Suitability of GEEs and GLMMs for developing resource selection functions differ in several more ways. GLMMs may be less likely to converge than GEEs due to their added complexity (Fitzmaurice *et al*. 2004: 326). While we circumvented this problem using alternative optimization procedures, this is not always effective. Gillies *et al*. (2006) argue that point estimates obtained under a working independence assumption weights results towards animals with more samples. However, GEEs may be used in combination with empirical variance estimators to produce an estimator robust to moderate deviations in sample sizes (Fitzmaurice *et al*. 2004: 320). Parameter estimates from GEEs may be sensitive to degree of correlation (Pepe & Anderson 1994), which may vary among seasons. This suggests that, as is usually the case with RSFs, GEEs should be used to analyse habitat selection within reasonably discrete, biologically appropriate seasons. In our study, the correlation structure had few effects on GEE results. If greater differences in habitat selection among animals are expected in other studies, researchers should consider both independent and compound-symmetric correlation structures.

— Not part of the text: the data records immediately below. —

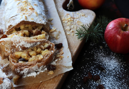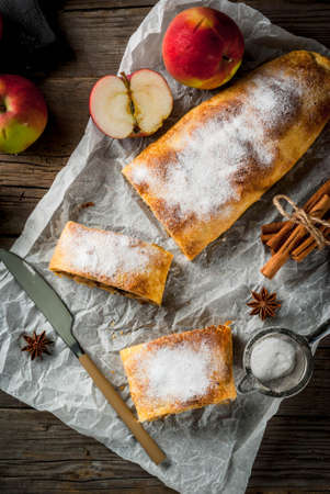 Home autumn, summer baking, puff pastries. Apple strudel with nuts, raisins, cinnamon and powdered sugar. On a wooden old rustic table. Sliced, with ingredients. Copy space top view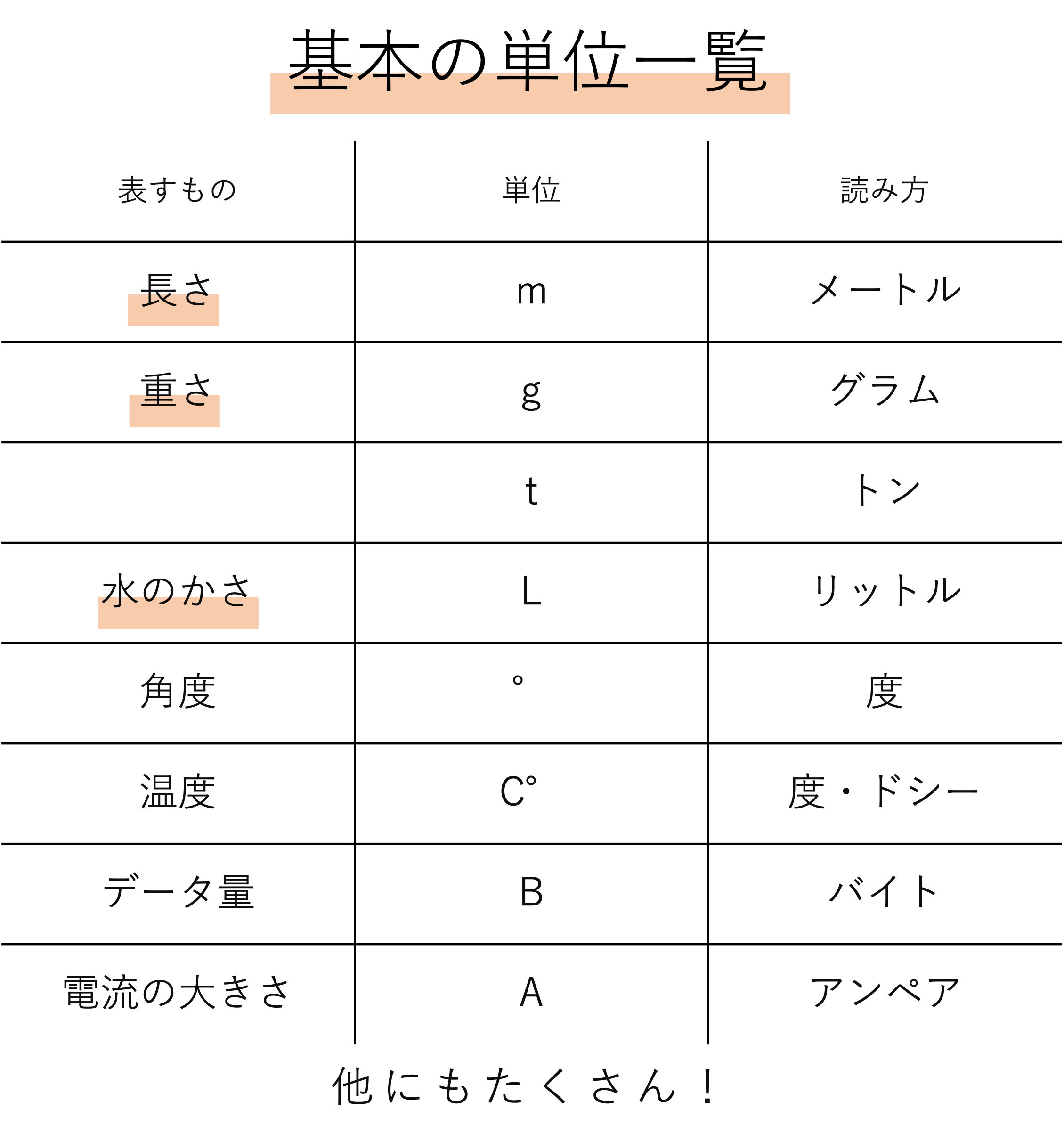 しかしこれらの情報は単位があってはじめてきちんと比べられるものですよね。例えば先に挙げた長さで言うのであれば,m(メートル)をはじめとした基準がないと,爪の長さくらいとか腕の長さくらいとか,そういった曖昧なものでしか量を計ることができないので,きちんとした比較ができなくなってしまうのです。そこでいつでもどこでも正しい比較ができるように,単位という国際的に定められた基準が作られたのです。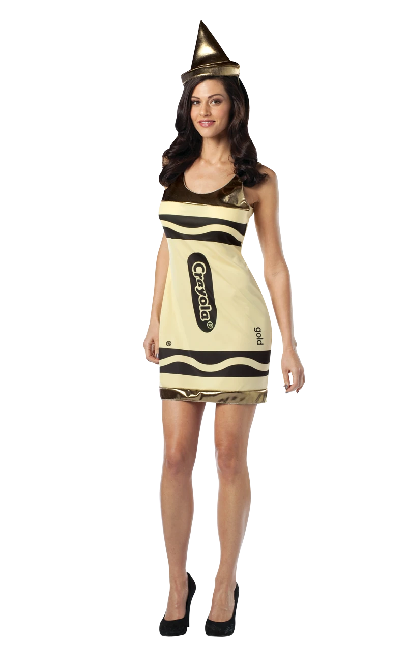 The Gold Crayola Tank Dress includes a dress with crayola print and metallic look finish and a mini hat on a headband. Other accessories are available separately.
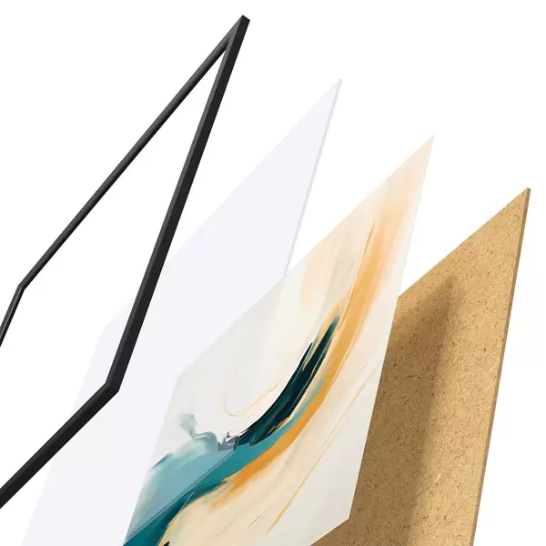 Plakat składa się z ramy, pleksi, wydrukowanego obrazu i podkładu z płyty wiórowej. Plakat można natychmiast zawiesić na ścianie dzięki uchwytom z tyłu.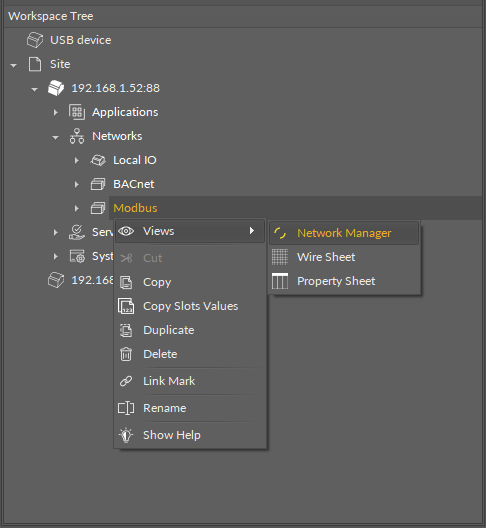 The Network Manager view is accessible from the context menu of the Modbus component. It is also automatically opened if the Modbus component is double-clicked in the Workspace Tree window.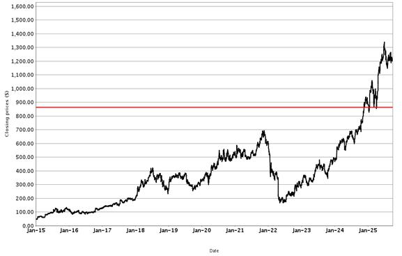 The following graph sets forth historical closing values of the Underlier for the period from January 1, 2015 to September 30, 2025. The red line represents the Coupon Threshold and Barrier Value. We obtained the information in the graph from Bloomberg Financial Markets, without independent investigation. We cannot give you assurance that the performance of the Underlier will result in the return of all of your initial investment.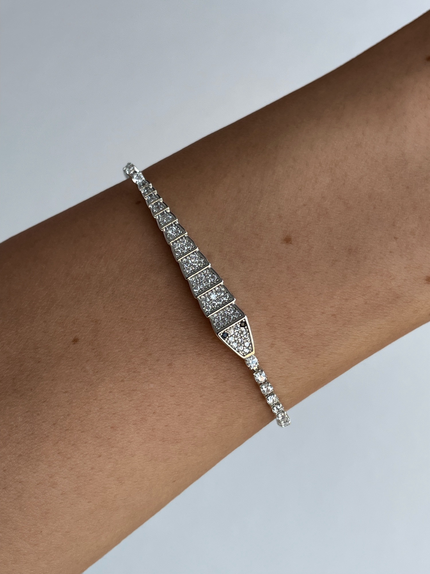 Özel Seri Zirkon Taşlı Yılan Tasarım Ayarlanabilir Gümüş Bileklik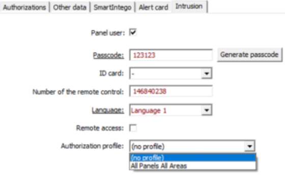 - Define to which user group of the intrusion panel will be this Authorization profile assigned

Both GEEs and GLMMs hold promise for the development of RSFs when used with empirical variance estimates. The optimal approach will depend on study design and management goals (see also Bolker *et al*. 2009). Selection of a marginal or conditional approach is a key step in the study design process, and should be based on ecological or management goals. GEEs may be more likely to converge for some data sets as they are simpler analytically, and are preferred when marginal population estimates are needed (Agresti 2002: 501). GLMMs are required for generating conditional population estimates, and may be preferred if the link function is likely to be misspecified (see also Lele & Keim 2006). GLMMs may be preferred if variances differ widely among groups within categorical explanatory variables (Agresti 2002: 501). Further research is required to adapt either approach for the development of resource selection probability functions (Lele & Keim 2006) to account for contamination of random points with used points (Keating & Cherry 2004). Contamination is likely to be minimal in our system, as the species density is low (Johnson *et al*. 2006). Nonetheless, this problem is beyond the scope of our study, and therefore, we restrict our discussion to RSFs. Caution must also be taken if relative selection is very small, as in this case, parameter estimates for RSFs may be inaccurate (Lele & Keim 2006). We also recognize that the correlation itself may be of interest, and recommend use of the many analytical procedures that are available, such as Mantel correlograms, in this case. However, other biological questions may need to be addressed within an RSF that does not focus on the autocorrelation, for which GEEs and GLMMs are useful.